WHAT IS EXPECTED – What you produce should be the lines from the line containing "9月30日上午,由浙江省委网" through the last line below, both ends included, reproduced exactly and without pictures.

RAW DATA –

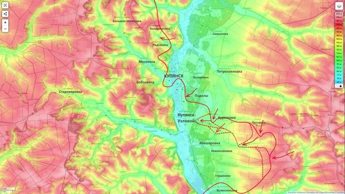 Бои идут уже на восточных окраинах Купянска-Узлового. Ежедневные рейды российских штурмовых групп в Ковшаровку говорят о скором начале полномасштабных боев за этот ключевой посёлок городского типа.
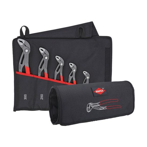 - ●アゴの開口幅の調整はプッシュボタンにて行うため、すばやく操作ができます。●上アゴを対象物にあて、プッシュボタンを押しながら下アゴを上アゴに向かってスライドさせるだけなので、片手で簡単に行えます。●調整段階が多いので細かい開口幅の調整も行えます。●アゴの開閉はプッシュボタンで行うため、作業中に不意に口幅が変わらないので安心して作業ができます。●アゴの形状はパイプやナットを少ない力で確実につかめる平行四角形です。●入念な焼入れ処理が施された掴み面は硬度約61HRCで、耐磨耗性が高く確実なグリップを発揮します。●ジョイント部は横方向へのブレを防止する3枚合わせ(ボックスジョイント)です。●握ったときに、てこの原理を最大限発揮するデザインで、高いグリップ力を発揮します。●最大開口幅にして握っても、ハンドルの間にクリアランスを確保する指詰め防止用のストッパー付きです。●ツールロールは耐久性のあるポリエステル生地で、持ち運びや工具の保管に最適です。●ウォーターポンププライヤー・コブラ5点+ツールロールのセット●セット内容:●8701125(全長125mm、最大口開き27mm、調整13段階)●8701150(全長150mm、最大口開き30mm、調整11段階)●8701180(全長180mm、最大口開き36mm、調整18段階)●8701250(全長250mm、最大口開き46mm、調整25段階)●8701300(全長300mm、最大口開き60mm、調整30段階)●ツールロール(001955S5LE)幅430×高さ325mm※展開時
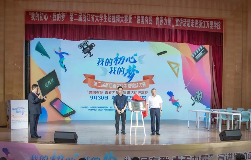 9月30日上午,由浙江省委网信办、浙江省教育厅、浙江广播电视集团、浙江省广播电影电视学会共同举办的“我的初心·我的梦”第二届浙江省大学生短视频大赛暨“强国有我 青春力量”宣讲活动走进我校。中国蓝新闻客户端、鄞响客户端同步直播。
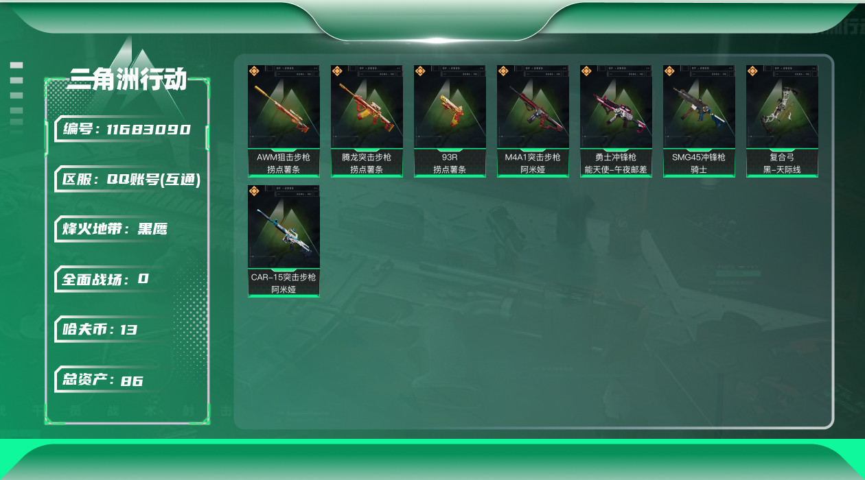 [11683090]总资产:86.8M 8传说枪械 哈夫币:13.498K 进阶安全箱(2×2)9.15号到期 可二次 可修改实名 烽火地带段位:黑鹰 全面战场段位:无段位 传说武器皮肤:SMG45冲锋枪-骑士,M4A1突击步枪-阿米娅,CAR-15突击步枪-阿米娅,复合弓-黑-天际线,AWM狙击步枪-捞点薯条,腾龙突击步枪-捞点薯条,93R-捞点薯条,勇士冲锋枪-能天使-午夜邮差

RESPONSE TO THIS TASK –
 9月30日上午,由浙江省委网信办、浙江省教育厅、浙江广播电视集团、浙江省广播电影电视学会共同举办的“我的初心·我的梦”第二届浙江省大学生短视频大赛暨“强国有我 青春力量”宣讲活动走进我校。中国蓝新闻客户端、鄞响客户端同步直播。
 [11683090]总资产:86.8M 8传说枪械 哈夫币:13.498K 进阶安全箱(2×2)9.15号到期 可二次 可修改实名 烽火地带段位:黑鹰 全面战场段位:无段位 传说武器皮肤:SMG45冲锋枪-骑士,M4A1突击步枪-阿米娅,CAR-15突击步枪-阿米娅,复合弓-黑-天际线,AWM狙击步枪-捞点薯条,腾龙突击步枪-捞点薯条,93R-捞点薯条,勇士冲锋枪-能天使-午夜邮差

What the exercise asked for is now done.